1. The Windows version does not create any iOS projectors, where as the mac version creates a .ipa ready to be deployed to the device or the store as required.
2. My project was set at 800x600 which worked perfectly fine on the iPad and all of the lingo script worked perfectly fine with the touch
Point here is that while it is easy to create an app with windows and mac projectors, they are still basically a shockave project with a stub that plays it. The other issue is that a new copy is expensive however the upgrade price for US is $299 while it is $500+ for Australia and Adobe has controversies around the use of Director 12 with respect to payments, etc and the interface is still a very old, looks like aqua rather than carbon.

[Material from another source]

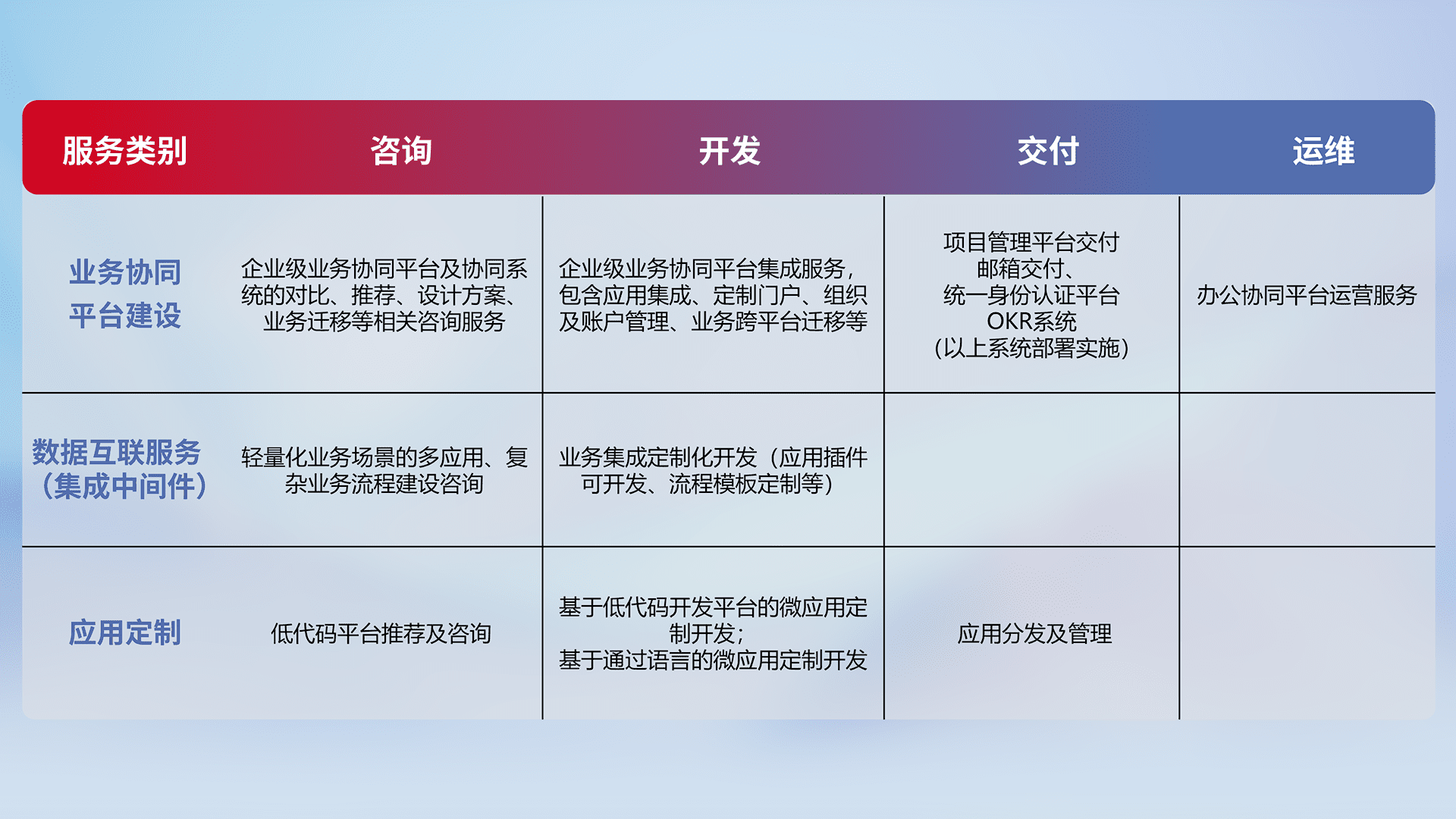 针对钉钉、、、企微、、、IDaas等平台级产品提供产品的规划、、、方案、、、交付、、、定制化开发等服务,,实现如统一协同办公、、、智能客户服务、、、混合会议管理、、、、智能数据查询、、、等业务场景,,,,实现数字化转型。。。

The thing we can take from this is the IDE to help with development and the compiled project which can be run using a stub on any of the platforms, windows, mac, unix, ios, android, etc.
Anybody else that tried Director 12 and have anything to add to this, something I missed?
Comments
I just took at quick look at their product page http://adobe.com/products/director and their dev forum topics http://forums.adobe.com/community/director and their wholly messed up marketing messages re: iOS royalties.
eg. their official product page still mentions their wacky 10% iOS apps royalty scheme http://www.adobe.com/products/director.html
even though their discussion forums talk about Adobe backpedalling http://forums.adobe.com/message/5208634#5208634 and killing that.
As a really oldskool Director dev (http://hyperphonic.com/bio.txt if you're interested) - I would suggest that this new "push" by Adobe is not well supported within the company (much like Director) and the cynic in me thinks it will be crashy, buggy and Adobe support for iOS will be haphazard at best. Look at Flash - for Adobe's flagship product at the time, and provided a well resourced engineering team to create iOS output since 2010(ish?) - in 2013 we still have generally lacklustre performance and a very convoluted toolchain. Plus Kevin Lynch has jumped ship.
I wouldn't touch this with a 10 foot pole. But that's my $0.02. YMMV (-;
- Ian
Likes: gorkem
Surprisingly the desktop product (IDE) is buggy and the iOS app created is not. When Adobe is losing customers, personnel and marketshare I guess it is only logical for them to grab whatever they can.
I was suggesting that the Interface and the technique was frame based and exactly right for visual development and the bundling of the final product, similar to Game Salad and some other frameworks that create a bundle and then their stub runs it, providing portability.
It was interesting reading your comments I was interested just to try and see how an old project would work on the iOS platform and it did well... including the game and touches.